Dataset records:
== Segment start ==
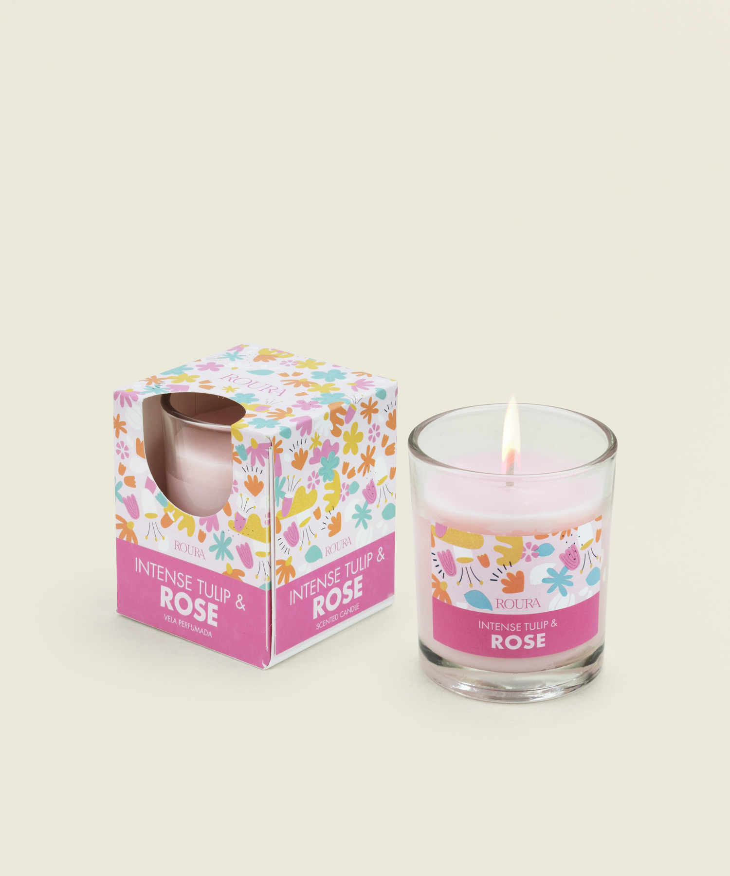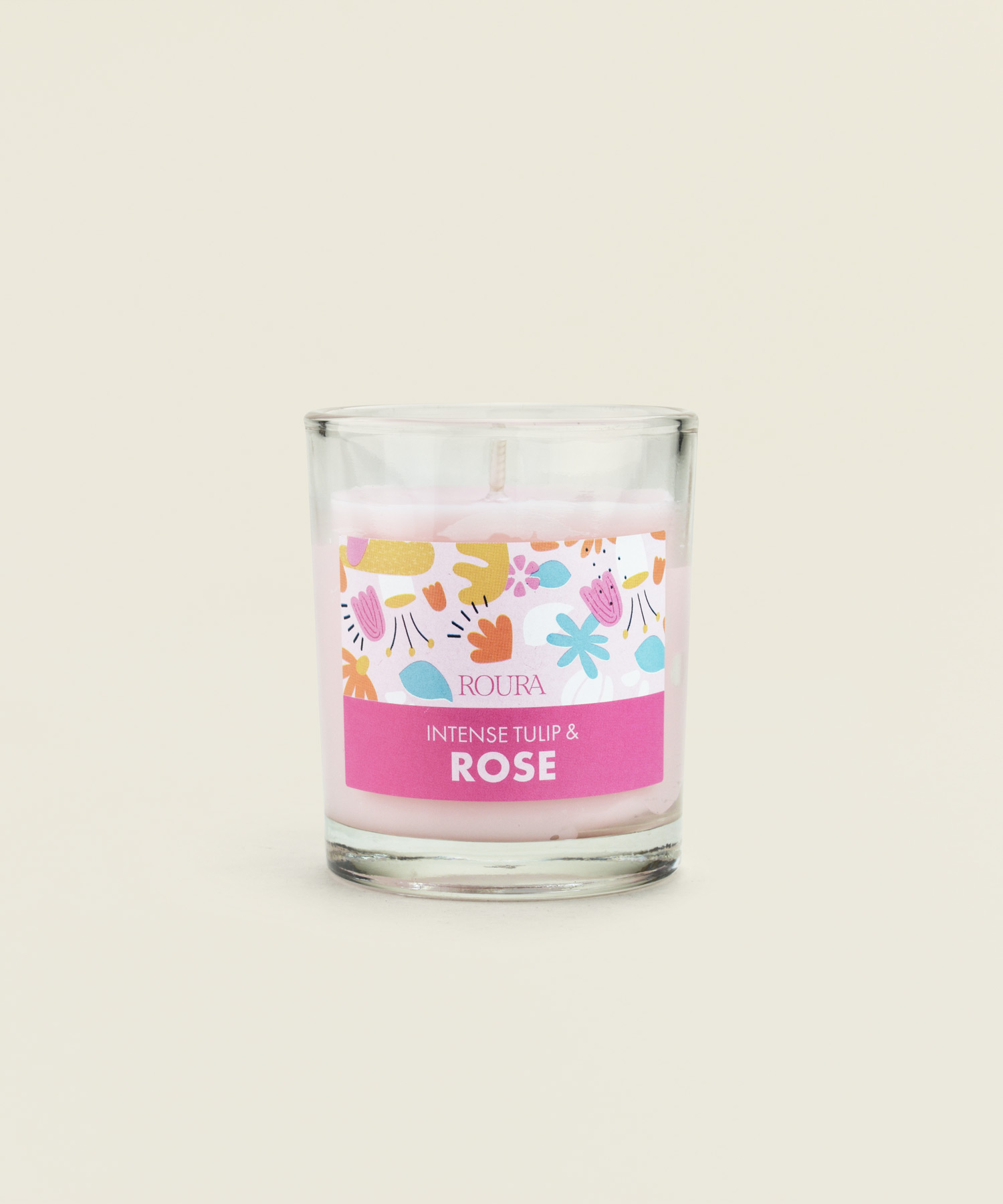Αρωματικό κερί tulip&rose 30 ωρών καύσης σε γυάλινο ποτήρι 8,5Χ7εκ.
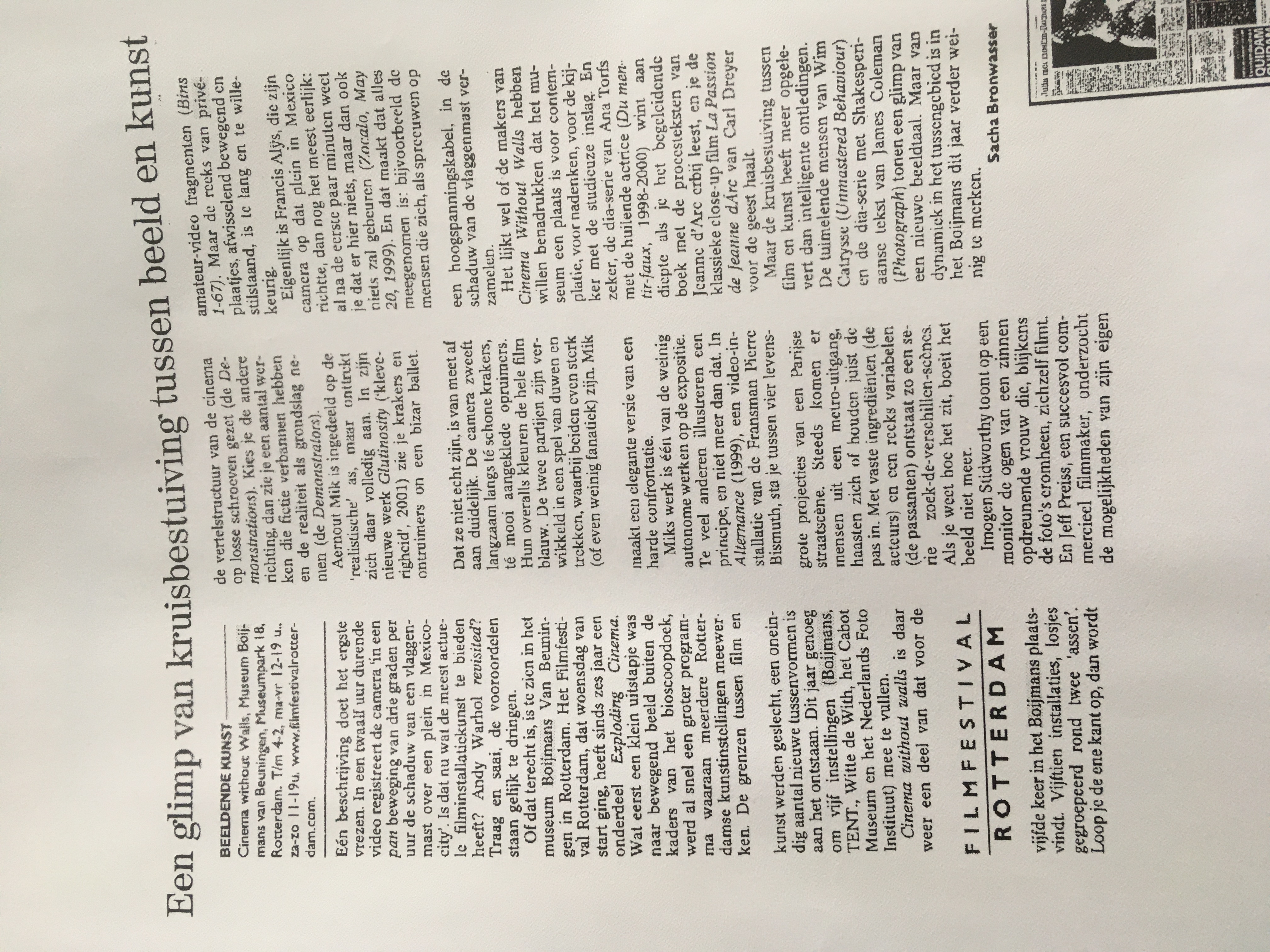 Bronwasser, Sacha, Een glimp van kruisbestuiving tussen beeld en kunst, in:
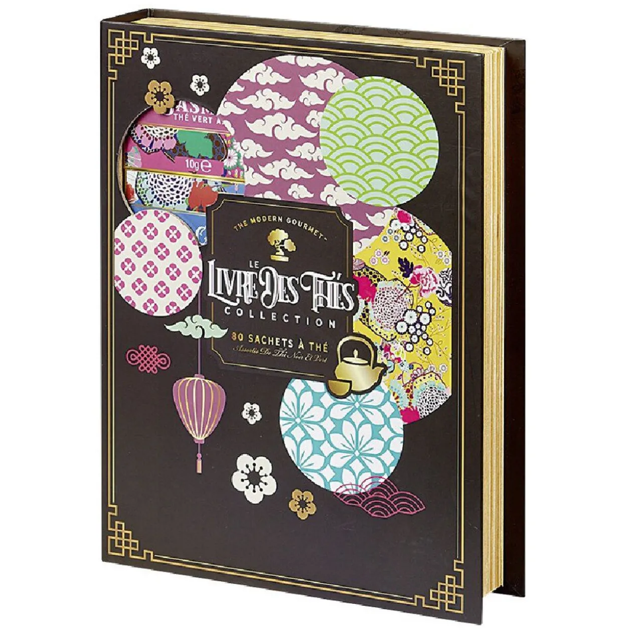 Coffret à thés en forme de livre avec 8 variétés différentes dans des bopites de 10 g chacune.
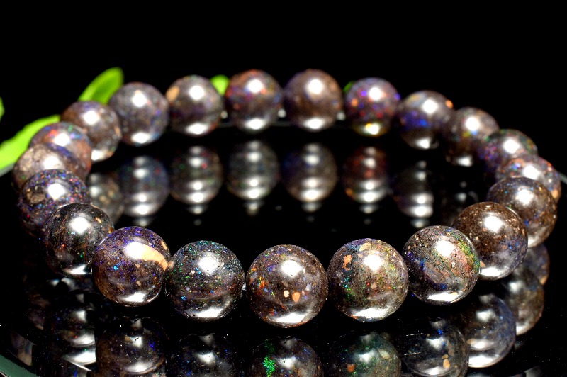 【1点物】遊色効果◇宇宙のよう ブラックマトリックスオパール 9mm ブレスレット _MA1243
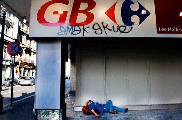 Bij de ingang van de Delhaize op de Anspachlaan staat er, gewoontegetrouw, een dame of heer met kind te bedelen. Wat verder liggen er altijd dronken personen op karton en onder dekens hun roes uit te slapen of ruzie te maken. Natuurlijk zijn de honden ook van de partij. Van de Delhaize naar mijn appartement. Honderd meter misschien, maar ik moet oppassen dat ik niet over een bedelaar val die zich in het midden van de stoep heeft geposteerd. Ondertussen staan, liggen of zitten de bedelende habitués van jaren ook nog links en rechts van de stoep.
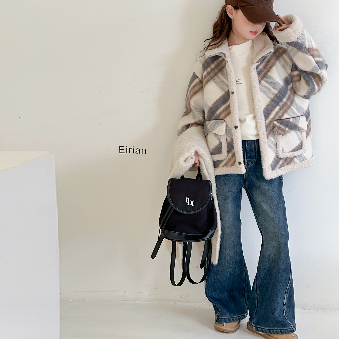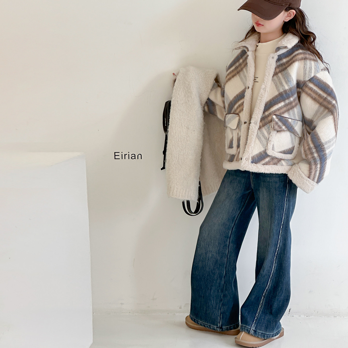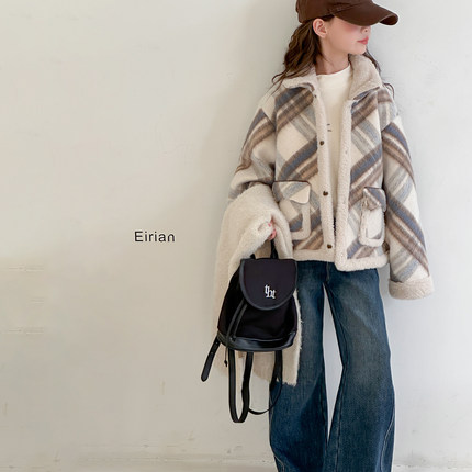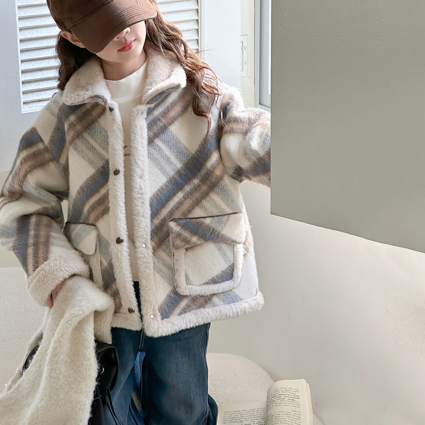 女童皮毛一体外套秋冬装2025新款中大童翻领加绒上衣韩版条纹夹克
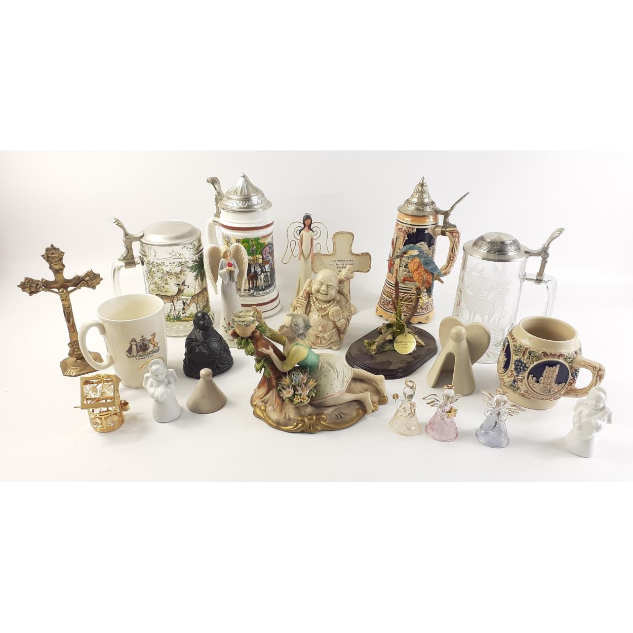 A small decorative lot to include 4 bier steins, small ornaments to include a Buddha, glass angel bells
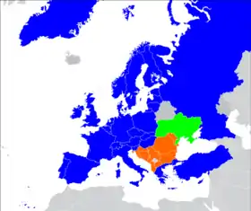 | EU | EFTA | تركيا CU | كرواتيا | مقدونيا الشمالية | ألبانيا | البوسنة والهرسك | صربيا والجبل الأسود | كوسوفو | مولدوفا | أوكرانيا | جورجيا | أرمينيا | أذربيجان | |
== Segment end ==
*THE PROBLEM*
Give all the lines above again, character for character, without pictures.

*FINISHED TASK*
Αρωματικό κερί tulip&rose 30 ωρών καύσης σε γυάλινο ποτήρι 8,5Χ7εκ.
 Bronwasser, Sacha, Een glimp van kruisbestuiving tussen beeld en kunst, in:
 Coffret à thés en forme de livre avec 8 variétés différentes dans des bopites de 10 g chacune.
 【1点物】遊色効果◇宇宙のよう ブラックマトリックスオパール 9mm ブレスレット _MA1243
 Bij de ingang van de Delhaize op de Anspachlaan staat er, gewoontegetrouw, een dame of heer met kind te bedelen. Wat verder liggen er altijd dronken personen op karton en onder dekens hun roes uit te slapen of ruzie te maken. Natuurlijk zijn de honden ook van de partij. Van de Delhaize naar mijn appartement. Honderd meter misschien, maar ik moet oppassen dat ik niet over een bedelaar val die zich in het midden van de stoep heeft geposteerd. Ondertussen staan, liggen of zitten de bedelende habitués van jaren ook nog links en rechts van de stoep.
 女童皮毛一体外套秋冬装2025新款中大童翻领加绒上衣韩版条纹夹克
 A small decorative lot to include 4 bier steins, small ornaments to include a Buddha, glass angel bells
 | EU | EFTA | تركيا CU | كرواتيا | مقدونيا الشمالية | ألبانيا | البوسنة والهرسك | صربيا والجبل الأسود | كوسوفو | مولدوفا | أوكرانيا | جورجيا | أرمينيا | أذربيجان | |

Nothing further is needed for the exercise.